__What is required__
Filter the listing for lines containing "Color".

__Given data__

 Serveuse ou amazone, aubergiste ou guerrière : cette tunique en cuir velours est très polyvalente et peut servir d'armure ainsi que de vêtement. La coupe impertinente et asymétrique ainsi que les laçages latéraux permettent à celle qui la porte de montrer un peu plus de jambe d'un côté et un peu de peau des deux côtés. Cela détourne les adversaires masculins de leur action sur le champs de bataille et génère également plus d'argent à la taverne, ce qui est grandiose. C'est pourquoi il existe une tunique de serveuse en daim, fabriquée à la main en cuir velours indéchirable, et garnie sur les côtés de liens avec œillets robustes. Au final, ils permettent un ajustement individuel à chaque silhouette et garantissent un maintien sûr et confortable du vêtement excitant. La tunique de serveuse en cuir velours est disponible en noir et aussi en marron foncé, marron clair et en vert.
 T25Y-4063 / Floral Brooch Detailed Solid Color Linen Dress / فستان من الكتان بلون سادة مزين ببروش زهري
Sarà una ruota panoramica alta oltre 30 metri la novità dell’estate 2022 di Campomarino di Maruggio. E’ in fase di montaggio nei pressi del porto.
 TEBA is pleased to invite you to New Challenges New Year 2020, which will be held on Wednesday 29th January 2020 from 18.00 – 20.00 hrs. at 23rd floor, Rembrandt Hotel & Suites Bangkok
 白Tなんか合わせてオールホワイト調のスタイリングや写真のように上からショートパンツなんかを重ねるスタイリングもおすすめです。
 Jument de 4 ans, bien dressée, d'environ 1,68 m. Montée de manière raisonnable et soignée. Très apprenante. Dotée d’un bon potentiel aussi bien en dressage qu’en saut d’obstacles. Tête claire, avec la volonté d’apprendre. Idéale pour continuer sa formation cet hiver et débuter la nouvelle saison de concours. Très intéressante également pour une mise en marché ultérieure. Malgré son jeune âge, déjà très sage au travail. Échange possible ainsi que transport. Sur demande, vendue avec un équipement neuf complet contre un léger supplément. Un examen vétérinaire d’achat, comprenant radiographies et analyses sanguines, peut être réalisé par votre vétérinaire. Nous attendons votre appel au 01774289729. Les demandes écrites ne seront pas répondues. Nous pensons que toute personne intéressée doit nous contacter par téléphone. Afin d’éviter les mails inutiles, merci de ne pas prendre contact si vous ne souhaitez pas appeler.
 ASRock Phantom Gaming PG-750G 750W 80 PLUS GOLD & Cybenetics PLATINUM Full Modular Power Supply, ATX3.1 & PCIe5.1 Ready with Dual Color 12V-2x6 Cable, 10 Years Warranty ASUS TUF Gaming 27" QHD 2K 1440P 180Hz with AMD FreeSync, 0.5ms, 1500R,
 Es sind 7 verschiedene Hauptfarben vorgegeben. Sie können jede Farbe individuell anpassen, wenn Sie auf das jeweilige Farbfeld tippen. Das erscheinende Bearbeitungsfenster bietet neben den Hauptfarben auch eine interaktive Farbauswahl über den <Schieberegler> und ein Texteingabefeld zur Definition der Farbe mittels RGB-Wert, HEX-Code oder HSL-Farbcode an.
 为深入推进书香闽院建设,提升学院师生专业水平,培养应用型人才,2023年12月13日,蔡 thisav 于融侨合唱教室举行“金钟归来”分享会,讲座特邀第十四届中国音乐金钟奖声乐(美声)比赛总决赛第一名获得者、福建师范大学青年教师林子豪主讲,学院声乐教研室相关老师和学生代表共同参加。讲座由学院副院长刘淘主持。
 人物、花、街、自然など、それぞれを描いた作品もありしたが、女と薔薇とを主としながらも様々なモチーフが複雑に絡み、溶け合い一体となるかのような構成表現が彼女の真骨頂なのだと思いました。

__Response to this task__
 T25Y-4063 / Floral Brooch Detailed Solid Color Linen Dress / فستان من الكتان بلون سادة مزين ببروش زهري
 ASRock Phantom Gaming PG-750G 750W 80 PLUS GOLD & Cybenetics PLATINUM Full Modular Power Supply, ATX3.1 & PCIe5.1 Ready with Dual Color 12V-2x6 Cable, 10 Years Warranty ASUS TUF Gaming 27" QHD 2K 1440P 180Hz with AMD FreeSync, 0.5ms, 1500R,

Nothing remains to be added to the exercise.